Genetic testing also can be used to determine if a person is a carrier of a disease or if they have a disease that is running through their family. There are many types of genetic tests. Some tests look directly at a specific gene, while others can look at the structure of the packages of our DNA (chromosomes). Genetic testing is typically ordered by a physician, often a geneticist. A geneticist is a specialized medical doctor who diagnoses and treats genetic syndromes.

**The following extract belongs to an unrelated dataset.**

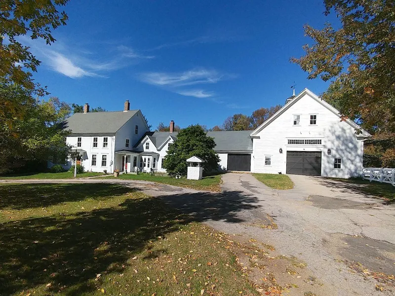 An 1800s 4BR/2BA center hall colonial, it is set off the road along a circular drive. The house retains much of its old charm with an ell connecting the house to the beautiful attached post and beam barn.

Tests to diagnose a genetic condition
One of the main ways genetic testing is used it to diagnose a genetic condition. A person who shows signs or symptoms of a particular disease may need a genetic test for diagnosis. This is because the disease is caused by a change, or mutation, in the DNA. A physician, usually a specialist in genetics (a geneticist) orders these types of tests. Common tests for diagnosis are chromosome karyotype, chromosome microarray, or single gene tests.
A chromosome karyotype simply looks at the number and amount of chromosomes that a person has. Chromosome are the packages of DNA. Typically, humans have 46 chromosomes. However, some genetic conditions are caused by an increase or decrease in the number of chromosomes. Down syndrome is a genetic condition in which a person has an extra chromosome #21. Having this extra chromosome material causes the features of Down syndrome that include some level of intellectual disability, short stature, and problems with the heart at birth. A chromosome microarray is a genetic test that also looks at the chromosomes, but a microarray looks at the chromosomes in much greater detail. A microarray can determine if there are very small pieces of DNA added or missing in a person. There are many genetic conditions that are caused by these relatively small imbalances in the DNA.

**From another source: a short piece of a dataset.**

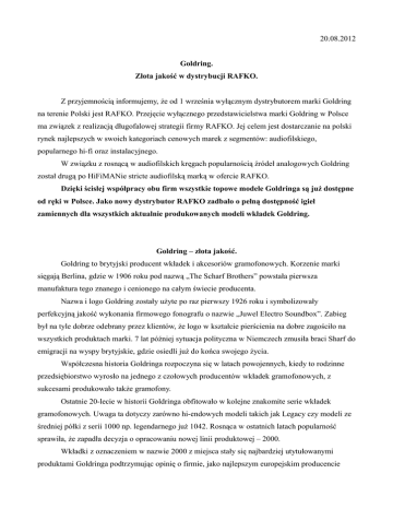 20.08.2012 Goldring. Złota jakość w dystrybucji RAFKO. Z przyjemnością informujemy, że od 1 września wyłącznym dystrybutorem marki Goldring na terenie Polski jest RAFKO. Przejęcie wyłącznego przedstawicielstwa marki Goldring w Polsce ma związek z realizacją długofalowej strategii firmy RAFKO. Jej celem jest dostarczanie na polski rynek najlepszych w swoich kategoriach cenowych marek z segmentów: audiofilskiego, popularnego hi-fi oraz instalacyjnego. W związku z rosnącą w audiofilskich kręgach popularnością źródeł analogowych Goldring został drugą po HiFiMANie stricte audiofilską marką w ofercie RAFKO. Dzięki ścisłej współpracy obu firm wszystkie topowe modele Goldringa są już dostępne od ręki w Polsce. Jako nowy dystrybutor RAFKO zadbało o pełną dostępność igieł zamiennych dla wszystkich aktualnie produkowanych modeli wkładek Goldring. Goldring – złota jakość. Goldring to brytyjski producent wkładek i akcesoriów gramofonowych. Korzenie marki sięgają Berlina, gdzie w 1906 roku pod nazwą „The Scharf Brothers” powstała pierwsza manufaktura tego znanego i cenionego na całym świecie producenta. Nazwa i logo Goldring zostały użyte po raz pierwszy 1926 roku i symbolizowały perfekcyjną jakość wykonania firmowego fonografu o nazwie „Juwel Electro Soundbox”. Zabieg był na tyle dobrze odebrany przez klientów, że logo w kształcie pierścienia na dobre zagościło na wszystkich produktach marki. 7 lat później sytuacja polityczna w Niemczech zmusiła braci Sharf do emigracji na wyspy brytyjskie, gdzie osiedli już do końca swojego życia. Współczesna historia Goldringa rozpoczyna się w latach powojennych, kiedy to rodzinne przedsiębiorstwo wyrosło na jednego z czołowych producentów wkładek gramofonowych, z sukcesami produkowało także gramofony. Ostatnie 20-lecie w historii Goldringa obfitowało w kolejne znakomite serie wkładek gramofonowych. Uwaga ta dotyczy zarówno hi-endowych modeli takich jak Legacy czy modeli ze średniej półki z serii 1000 np. legendarnego już 1042. Rosnąca w ostatnich latach popularność sprawiła, że zapadła decyzja o opracowaniu nowej linii produktowej – 2000. Wkładki z oznaczeniem w nazwie 2000 z miejsca stały się najbardziej utytułowanymi produktami Goldringa podtrzymując opinię o firmie, jako najlepszym europejskim producencie wkładek gramofonowych. Seria 2000 podtrzymuje dumną tradycję ręcznej produkcji wkładek Goldringa – w fabrykach na terenie Wielkiej Brytanii i Japonii. Goldring – wkładki typu MM. Seria Elan/Elektra. Elan i Elektra to wejściowe wkładki Goldringa, które są przeznaczone dla wymagających użytkowników tańszych gramofonów. W obu przypadkach zastosowano diamentową igłę oraz sztywną i w pełni zamkniętą konstrukcję wkładki. Zarówno Elan jak i Elektra wyróżniają się bardzo dobrą kompatybilnością sprzętową oraz dźwiękową z różnorodnymi ramionami, gramofonami oraz przedwzmacniaczami. W przypadku Elan zastosowano szlif typu sferycznego, zaś w przypadku Elektry szlif typu eliptycznego, który dodatkowo poprawia przetwarzanie wysokich tonów. Wkładki posiadają wymienne igły. Oba modele produkowane są na terenie Japonii. Seria 1000. Firmowa seria oparta przede wszystkim na dwóch modelach. Pierwszy to legendarny 1042 oparty o szlif Gyger S dostępny zazwyczaj w dużo droższych hi-endowych wkładkach. Drugi model z serii 1000 to 1012GX (szlif Gyger II), który z miejsca stał się najlepiej sprzedającą się wkładką w historii firmy. 1012GX słynie z bardzo rozdzielczych wysokich tonów przy minimalnych zniekształceniach oraz rewelacyjnej dynamiki przekazu. Wkładki serii 1000 posiadają ten sam typ elektroniki, zaś brzmieniowe i jakościowe różnice między nimi wynikają z innych typów szlifów w kolejnych modelach. Wejściowy model 1006 został wyposażony w klasyczny szlif eliptyczny, 1012GX oraz 1042, jak już zostało wspomniane w różne odmiany szlifu Gygera, zaś 1022GX w szlif typu Vital PH. Dzięki ultralekkiej i minimalistycznej konstrukcji producent poleca 1022GX do wnikliwego, analitycznego odsłuchu. Wszystkie modele serii 1000 są produkowane na terenie Wielkiej Brytanii. Seria 2000. Najczęściej w ostatnich latach nagradzana w prasie seria od Goldringa, która wprowadziła zasadnicze różnice w stylistyce brytyjskich wkładek. Magazyn What Hi-Fi wyróżnił najwyższą notą 5 gwiazdek aż trzy modele z tej serii: 2100, 2400 oraz 2500. Najważniejsze wspólne cechy serii 2000 to: − produkcja w Japonii – dla najwyższej precyzji wykonania − gwintowane otwory na mocowanie do ramienia – dla najwyższej wygody i bezpieczeństwa montażu, − pozłacane wtyki – dla wyeliminowania korozji oraz najwyższej jakości styku, − obudowa wkładki pokryta materiałem ekranującym „Super Permalloy” – dla zapewnienia najwyższej czułości oraz redukcji niechcianych pogłosów w momencie opuszczania i podnoszenia ramienia, − armaturowa budowa igły z unikalnego stopu niklu i stali – dla zmniejszenia bezwładności wspornika igły, − magnes samarowo-kobaltowy – dla zapewnienia wysokiej czułości wkładki. Modele 2100 oraz 2200 zostały wyposażone w igłę ze szlifem eliptycznym. Szczególnie godnym uwagi jest model 2100, który oferuje jedną z najlepszych relacji ceny do jakości. Model 2300 jest przeznaczony do gramofonów ze średniej półki i jest odpowiednikiem 1012GX. Modele 2400 oraz 2500 to najwyższej klasy modele Goldring typu MM. Dzięki unikalnym typom szlifu: Vital w 2400 oraz 2 SD w 2500, stanowią podstawę do budowy hiendowego systemu opartego na źródle gramofonowym. Dodatkowo, modele 2400/2500 zostały wyposażone w pełni metalową obudowę, której zwiększona masa pozwala na wygenerowanie pełnego i mocnego basu. Goldring – wkładki typu MC. Eroica H/Eroica LX. Eroica to wysokiej klasy wkładki typu MC, których konstrukcje opierają się na mocnych mag

A single-gene genetic test is a test that looks only at a specific gene that is associated with a known genetic condition. For example, we know that a genetic condition called Huntington disease (HD) is caused by the HD gene. Mutations in the HD gene cause a person to develop abnormal movements, problems with thinking and memory, and eventually leads to death. If a person has symptoms of HD, a geneticist will likely order a genetic test to look specifically at the HD gene to determine if there are any mutations in the gene.
Carrier testing
Carrier testing is a type of genetic test used to find out if a person is a carrier for genetic condition. Carriers of genetic conditions do not typically have symptoms associated with being a carrer. In fact, most people have no idea they are a carrier of a genetic condition. A person who is a carrier is called that because they do not themselves have the disease, but they are at risk of having children with the disease. Sickle cell disease is an example. Sickle cell disease is caused when a person has TWO mutations, one in each copy of a specific gene (the HBB gene). A person with sickle cell disease inherited one copy of the mutation from each of their parents. Their mom and dad, who did not have sickle cell disease, were carriers of the condition. If two parents are carriers for a genetic condition, there is a 1 in 4 (or 25%) chance each child can be born with the condition. There are many other diseases that a person can be a carrier for. The chances that someone is a carrier for one of these conditions often depends on their ethnicity. For example, a person of Puerto Rican decent has about a 1 out of 21 chance of being a carrier for a type of albinism called Hermansky-Pudlak syndrome, while a person of Northern European decent has about a 1 out of 29 chance of being a carrier for a disease called cystic fibrosis. When a couple is thinking about having children, it is important to talk to their doctor about whether they could be carriers for a genetic condition and ask about carrier testing.
Tests to determine risk for disease in the future
Some genetic tests are available to determine whether a person is a risk of developing a disease in the future. At this time, there are very few conditions that this type of testing is available for. These tests are typically offered to people who have a very strong family history of a condition, like colon cancer, breast cancer, or Alzheimer disease, but they don’t have the condition yet. It is often a very big decision whether to have testing like this done, since some people may not want to find out if they may develop a disease in the future that they don’t have yet. For some conditions, like Alzheimer disease, there is no known prevention or cure. For other diseases, there are steps that can be taken to prevent the disease if a person knows they are at risk. For example, genetic testing for the BRCA genes is available for women who have a strong family history of breast cancer. Women who have a mutation in one of the BRCA genes is at high risk (up to 80% over her lifetime) to develop breast cancer. It is recommended that women with a BRCA mutation starts screening much earlier than other women. In the future, genetic testing to predict someone’s risk for disease may be more commonly used by physicians. By doing genetic testing like this, a doctor may be able to determine someone’s risk for many common diseases and preventive actions can be taken. This is why it is extremely important to study the genetic causes of disease. If we understand what the genetic causes are, doctors can determine who is at risk for disease based on their genes.